BOLD responses to gaze-following and color-matching
To identify brain areas activated during gaze-following, we looked at the contrast of gaze-following versus baseline fixation in a second-level analysis of the group data. This comparison delineated several brain areas in both hemispheres that had a significantly higher BOLD signal (p < 0.0001, in a cluster of six connected voxels each; see Fig. 4), among them dorsolateral prefrontal cortex, premotor cortex, supplementary motor area, cuneus, precuneus, fusiform gyrus, posterior middle temporal gyrus, inferior temporal gyrus, middle occipital gyrus, clustrom, middle frontal gyrus, inferior parietal lobule, superior parietal lobule, supramarginal gyrus, precentral gyrus, cingulate gyrus, superior frontal gyrus, lingual gyrus, superior occipital gyrus, parahippocampal gyrus, and cerebellum.

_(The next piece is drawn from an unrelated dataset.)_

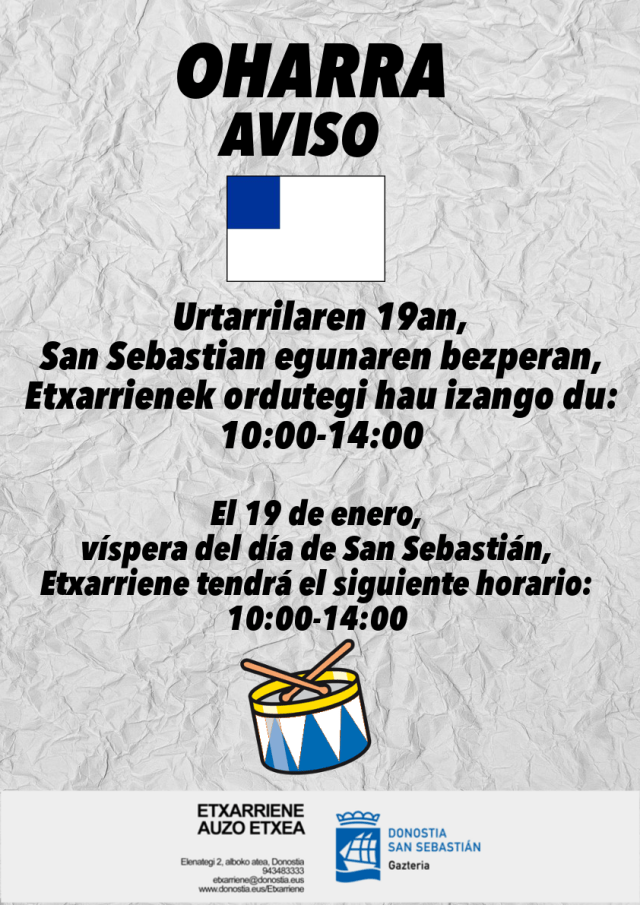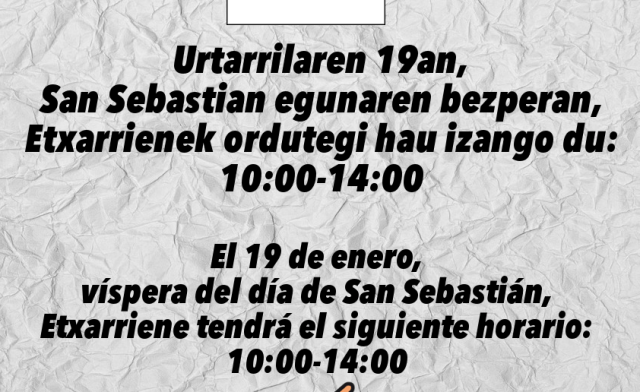Archivado en Aisialdia/Ocio, Auzobizitza/Vida de barrio, Bizilagunak/Ciudadanos, Ekintzak/Actividades, Eragile sozialak/Agentes Sociales, Etxarriene, Iragarkiak/Anuncios, Partaidetza/Participación, Udaletxea/Ayuntamiento, Zerbitzuak/Servicios · Tagged with aldaketa, auzoa, barrio, bezpera, cambio, enero, etxarriene, goiza, horario, mañana, martutene, ordutegia, urtarrila, víspera

This pattern was very similar to the one obtained when calculating the color-matching versus baseline fixation contrast (Fig. 5). The close, qualitative match between the patterns associated with the two tasks is not unexpected, given that both require the extraction of specific cues from faces to localize distinct objects to shift one’s attention to them.

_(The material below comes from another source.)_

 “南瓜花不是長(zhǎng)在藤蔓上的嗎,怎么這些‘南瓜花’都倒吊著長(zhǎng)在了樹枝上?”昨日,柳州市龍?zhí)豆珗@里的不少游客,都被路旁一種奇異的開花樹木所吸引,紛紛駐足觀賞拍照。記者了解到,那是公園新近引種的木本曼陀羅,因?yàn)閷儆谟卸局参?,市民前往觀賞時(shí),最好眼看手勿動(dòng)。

To identify cortical regions specifically or more strongly activated by the need to exploit gaze direction, we calculated the BOLD contrast between gaze-following and color-matching. A significant contrast (statistical criteria as before) was found in a patch of cortex bilaterally in the posterior part of the middle and inferior temporal gyrus, specifically with the peak contrast at Talaraich coordinates right (50, –64, 2) and left (–54, –67, 6; see Fig. 6). This location of activity is similar to gaze-following– and gaze-processing–related activity found in previous fMRI studies (Hoffman and Haxby, 2000; Hooker et al., 2003; Pelphrey et al., 2005b; Materna et al., 2008a). We refer to the activated patch as the gaze-following patch (GFP) and the cortical region in which it is located as the pSTS.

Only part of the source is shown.